İşte bizim Kazım, biraz içkinin rahvanlığı, biraz genç karısının koynuna tez girme arzusu, biraz da tuttuğu balıkların takdir edilecek gururuyla o dar sokakta yürürken bir ayıya çarpıyor, ayı huysuzlanıyor, başını bir o yana bir bu yana sallamaya başlıyor, bizim Kazım yere düşüyor. Ayı iyice zıvanadan çıkınca, oynatıcısı da zinciri bırakıp topukluyor. Kazım yerde, ayı başında, oynatıcısı kaçmış. Ayı kaldırıyor Kazım'ı yerden, Kazımın sıkı sıkı tuttuğu kese kağıdındaki balıklar hala koltuğunun altında, ayı bunu kaldırınca, Kazım paketten balıkları birer birer çıkartıp, ayının ağzına uzatıyor, o da iştahla yiyor, Kazım sendeleyip düşecek gibi oldukça ayı omuz verip onu ayakta tutuyor, Kazım'ın elini yüzünü öpüp duruyor hayvan, derken karşı evden bir pencere açılıyor ve kadının biri bağırıyor, 'ne besliyorsun be o pis hayvanı uzak dur, uzak dur' diye.
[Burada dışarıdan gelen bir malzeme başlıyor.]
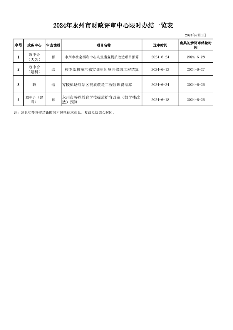 2024年永州市财政评审中心限时办结一览表(2024年7月1日)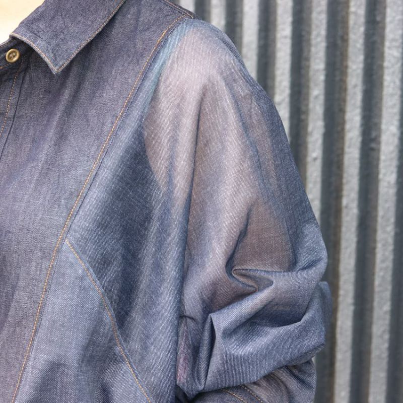 一方で、身頃やふんわりとしたボリューム袖には、軽やかなシアーデニムを使うことで、ブラウスのような上品な表情をプラスしました。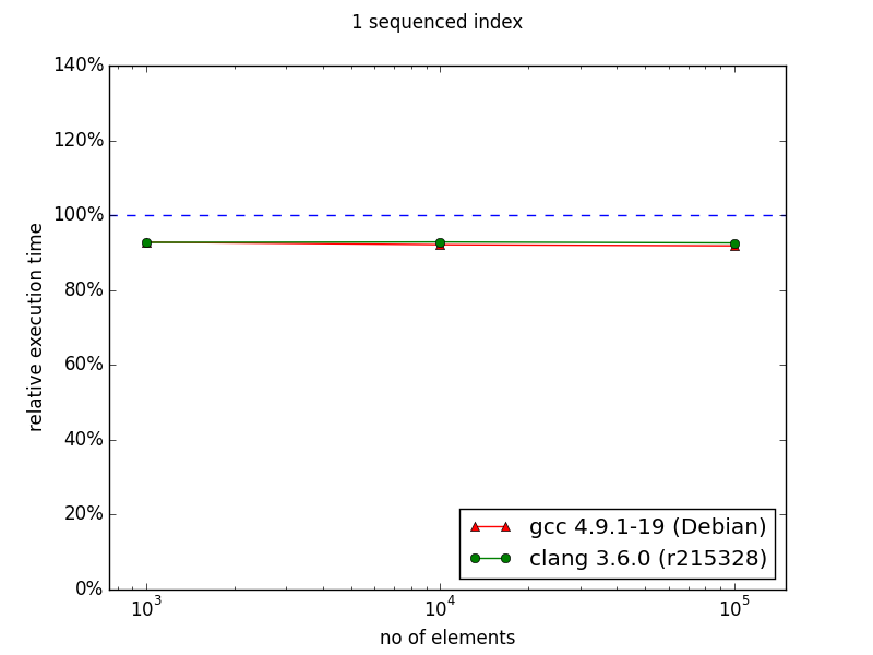 In case of two indexes - one indexed and the second sequenced situation changes. In the original chart from the documentation we can observe huge improvement in favor to multi_index starting from 105 elements. My results are quite different - there is no performance gain with multi_index. For 106 elements the difference is dramatic comparing the two diagrams: ~130% and ~30%.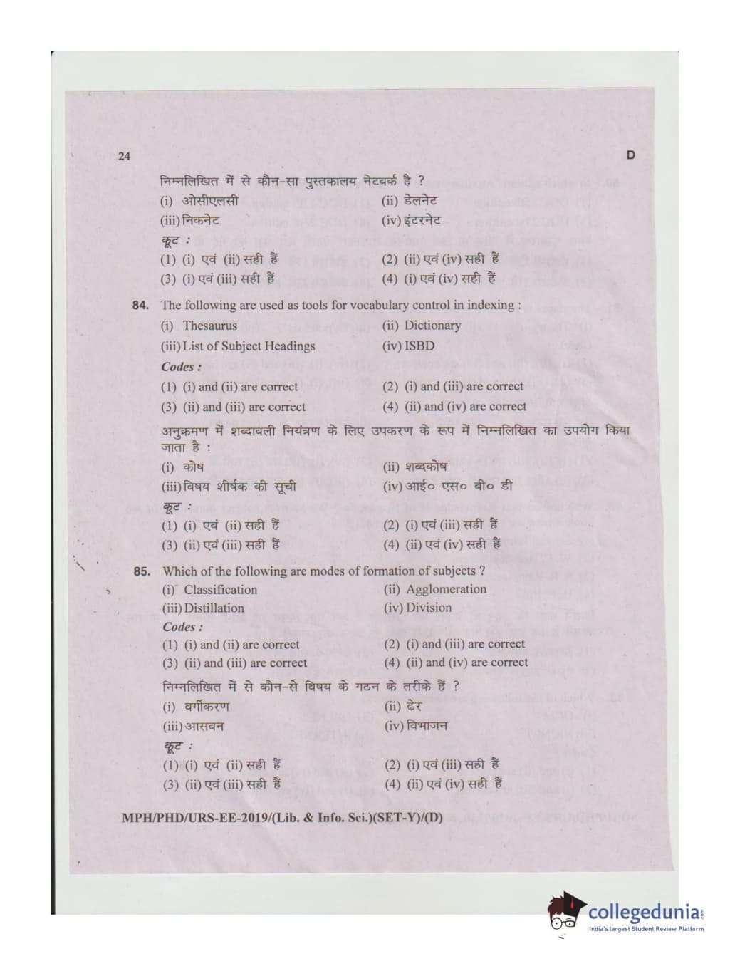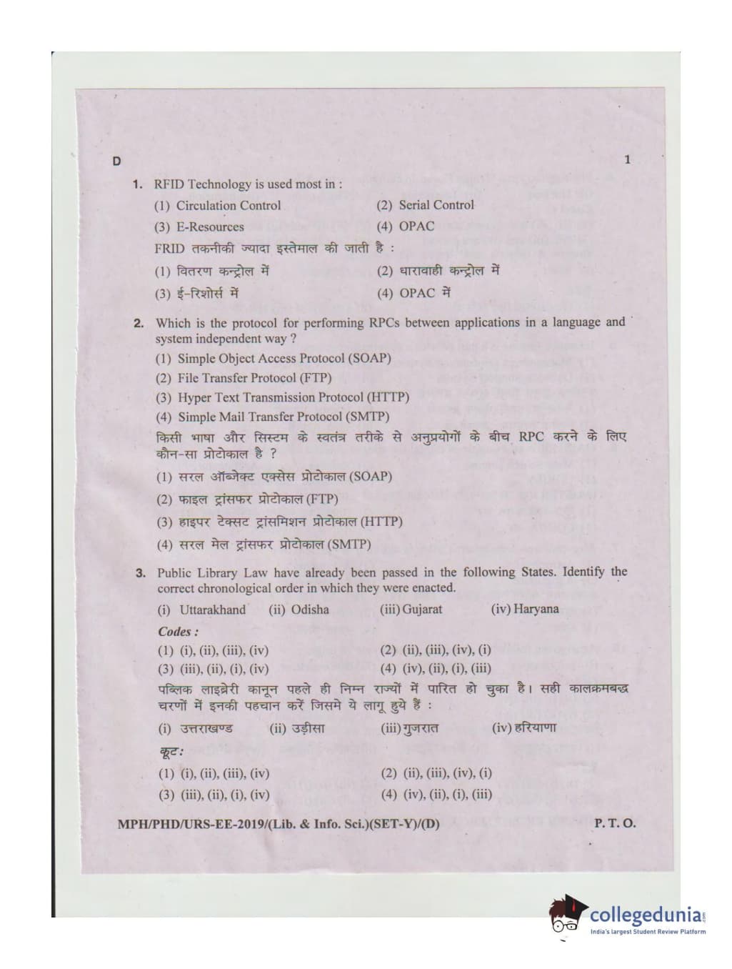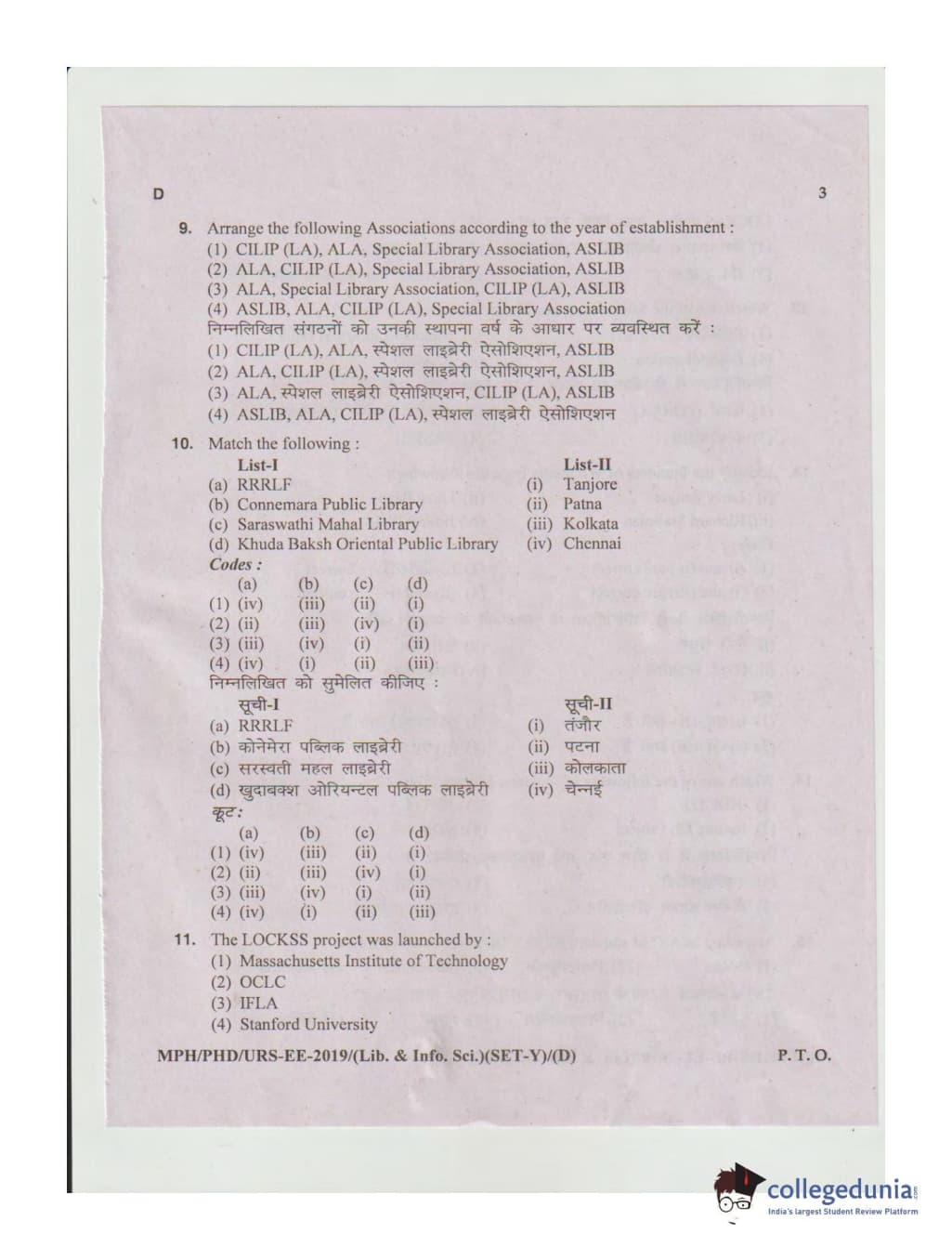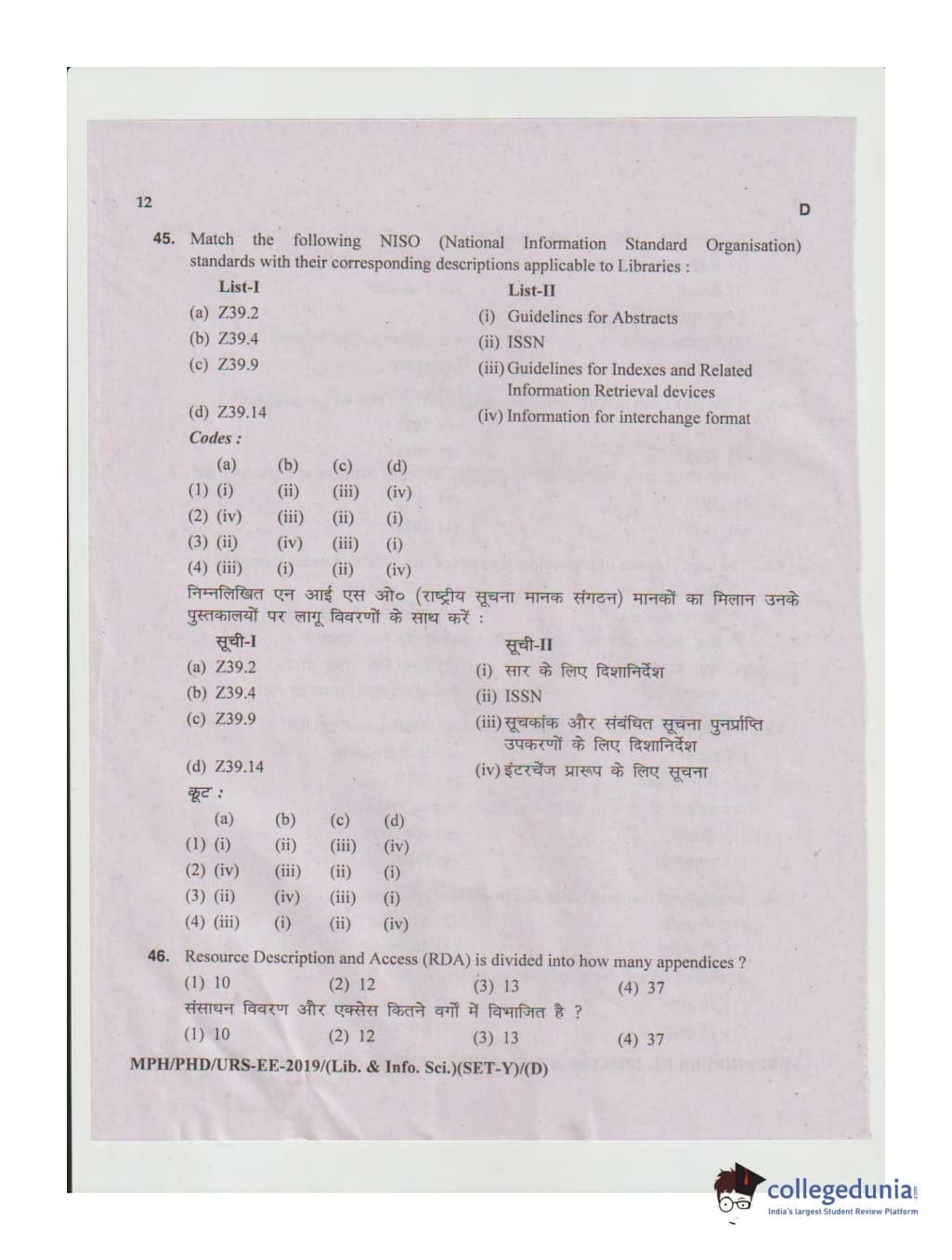 MDUCEE 2019 Ph.D./M.Phil./URS Library and Information Sciences Set D Question Paper with Answer Key PDFs

Ayı dönüyor pencereye doğru, üç defa kadına doğru tükürüyor, kadın 'Allah' diye çığlık atarak pencereyi kapatıyor. Bu esnada sesi duyanlar pencereye kapıya çıkıyorlar, bi de bakıyorlar ki Kazım ayıyla kol kola. Kalabalık başlarına toplanınca ayı başlıyor oynamaya, Kazım da sarhoş, geçiyor ayının karşısına parmak şıklatarak oynuyor. Kalabalık alkış tutturdukça ayı oynuyor, ayı oynadıkça Kazım oynuyor. O akşamdan sonra Kazım'a hep Ayı Kazım demişler, o da bunu sevdi ki, kendini anlatırken 'ben Ayı Kazım' der hep.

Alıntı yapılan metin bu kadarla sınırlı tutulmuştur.